Nebraska’s seasoned secondary could be a problem for quarterbacks next season
LINCOLN, Neb. — In the span of a few throws at practice Thursday, Nebraska’s secondary changed the narrative of the Huskers quarterback battle.
Redshirt junior Tanner Lee and redshirt freshman Patrick O’Brien switched off throwing in tight windows near the end zone during a 7-on-7-type drill. First, Lee was intercepted. Then O’Brien. Then Lee. Then Lee again. Then O’Brien again.
By the end of the drill, Nebraska’s defensive backs were swatting at nearly every ball. They seemed to expect incompletions from two quarterbacks who have been completing about 70 percent of their passes this spring.

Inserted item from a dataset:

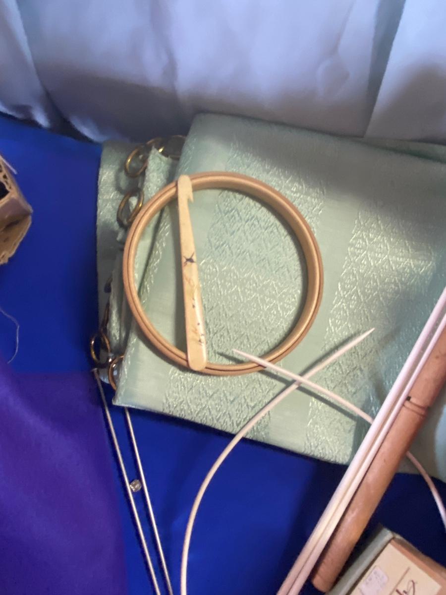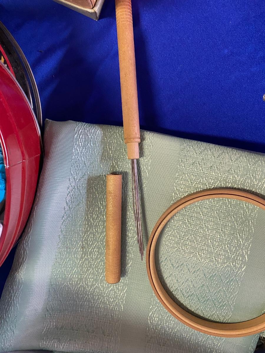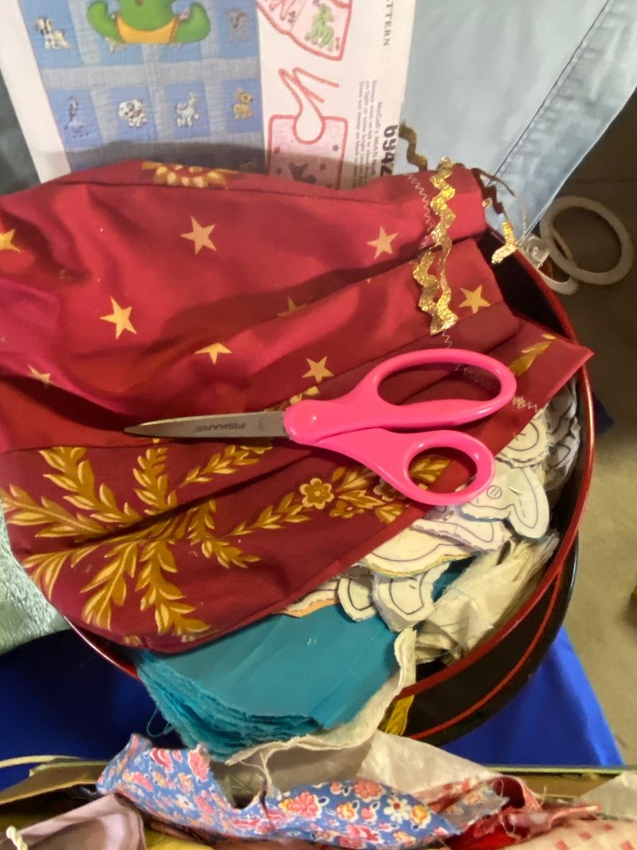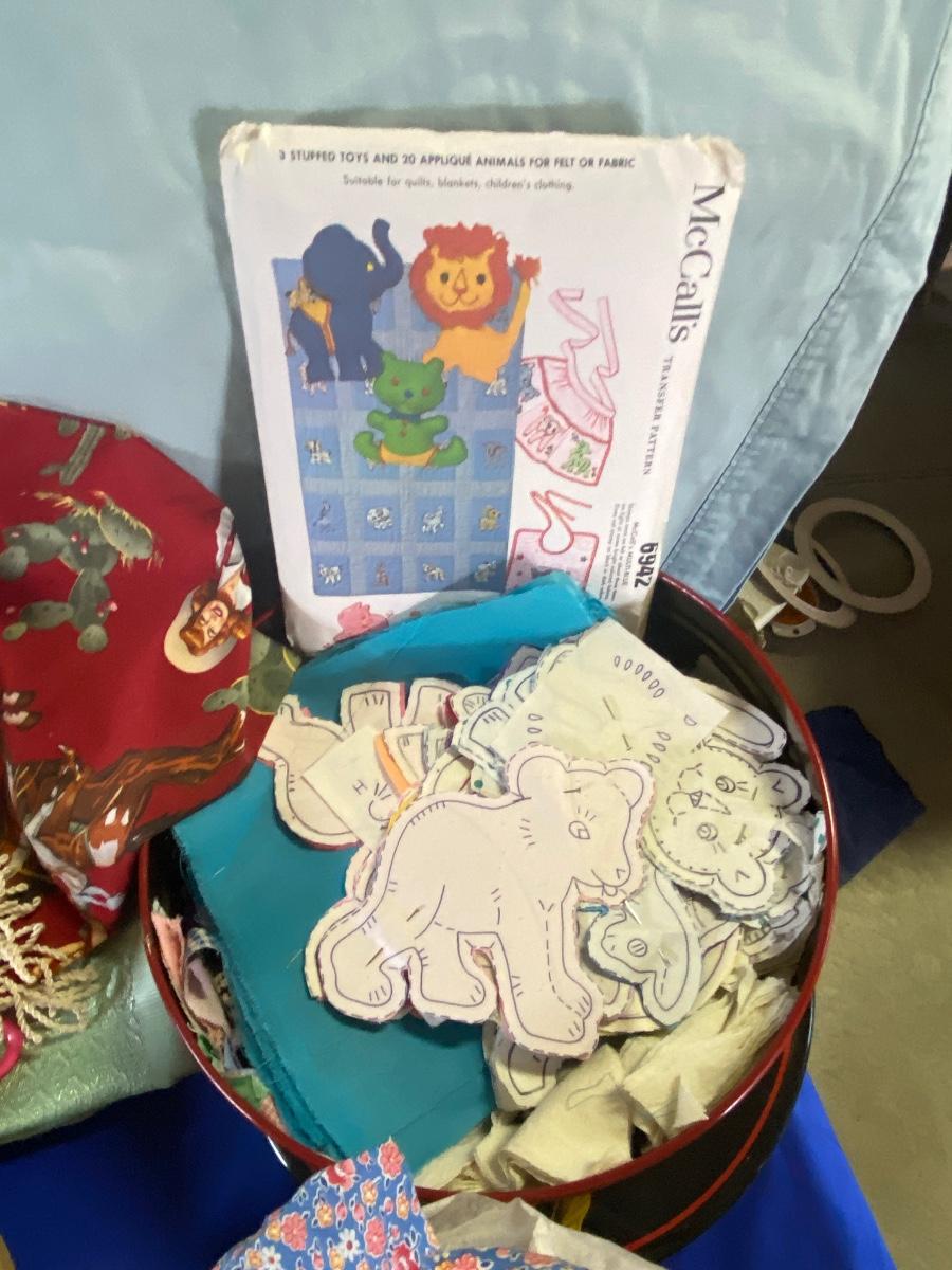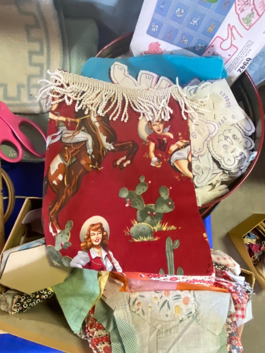 READY TO GO QUILT CUT OUTS, EMBROIDERY THREAT, A HUGE BOX OF CROQUET OR KNITTING THREAD AND MORE!

After practice, Huskers coach Mike Riley wasn’t bashful. He likes his quarterbacks, but he loves his secondary.
“I think the secondary, it should be a strength with the veteran players we have and the growth of some young people like Lamar [Jackson],” Riley said. “I’m excited about that group.”
Nebraska’s corners and safeties have new coaches and are transitioning into a new set of obligations in defensive coordinator Bob Diaco’s 3-4 scheme. And yet, it seems, they’ve grown the most in two weeks of spring practice.
Nebraska finished 10th in the Big Ten in passing defense last season and seventh in pass-defense efficiency. Using the small sample size this spring, Nebraska’s offensive coaches say the secondary is improving drastically.
“I think they’ve been really good in the back end showing something and then playing something else,” offensive coordinator Danny Langsdorf said Thursday. “We’ve gotten caught a few times being wrong.”
Wide receivers coach Keith Williams says the defense is difficult to read for quarterbacks and receivers. And, later this year, that could be a problem for opposing offenses.
“It’s difficult even if you’re used to it because it can be something different every time, and even the same coverages are not necessarily ran the same by the defense,” Williams said. “So you have to think on the run, you have to read your playbook, you have to use all your clues pre-snap, you have to recognize what the defense is doing.
“So it’s not easy. That’s why it’s good if a defense can get away with playing like that. And ours can, it looks like.”
Sophomore safety Aaron Williams said the disguises aren’t much different than what the Blackshirts used last year in former defensive coordinator Mark Banker’s 4-3 defense. But the secondary’s job in Diaco’s defense is more fluid, which gives it more freedom.
“You gotta be able to play off each other and be able to think on the fly. Instead of going to one certain spot, you have to think and react,” Williams said.
Safeties coach Bob Elliott called Williams one of the smartest players he’s ever coached. Williams said Elliott was being “overgenerous,” and in reality the entire secondary is benefiting from Elliott’s direction and 40 years of coaching.
“His teaching is helpful because he can take what you’ve been doing and he can critique you with different techniques he taught in the past,” Williams said. “So he works with what you already know and what you already do, so you just improve on what you’re doing.”
One way Elliott’s done that is by moving incoming senior cornerback Joshua Kalu to safety next to Williams. Kalu was a starting corner last season but was recruited as a safety by Bo Pelini’s staff. On Thursday, for the first time, Kalu was moved to safety and sophomore Jackson filled in at corner, with senior corner Chris Jones on the other side.
The move puts Kalu in space to make more plays, Williams said. Plus, it puts Jackson on the field, which coaches have been trying to do for months.
“Kalu is a good athlete. He’s a smart player, so he can get it. He caught on well,” Williams said. “I think the transition, it was a nice look. I like it. I know Kalu was for it. He enjoyed it.”
Williams says he thinks the secondary has learned about half of the new defensive scheme. After spring break, the group likely will learn the rest before the end of spring practice.
This all means that if the secondary is a strength this early in the spring — with half of the defense implemented and just a few months working with new defensive coaches — there’s no telling the potential of the Huskers secondary.
“I’m excited about that group,” Riley said.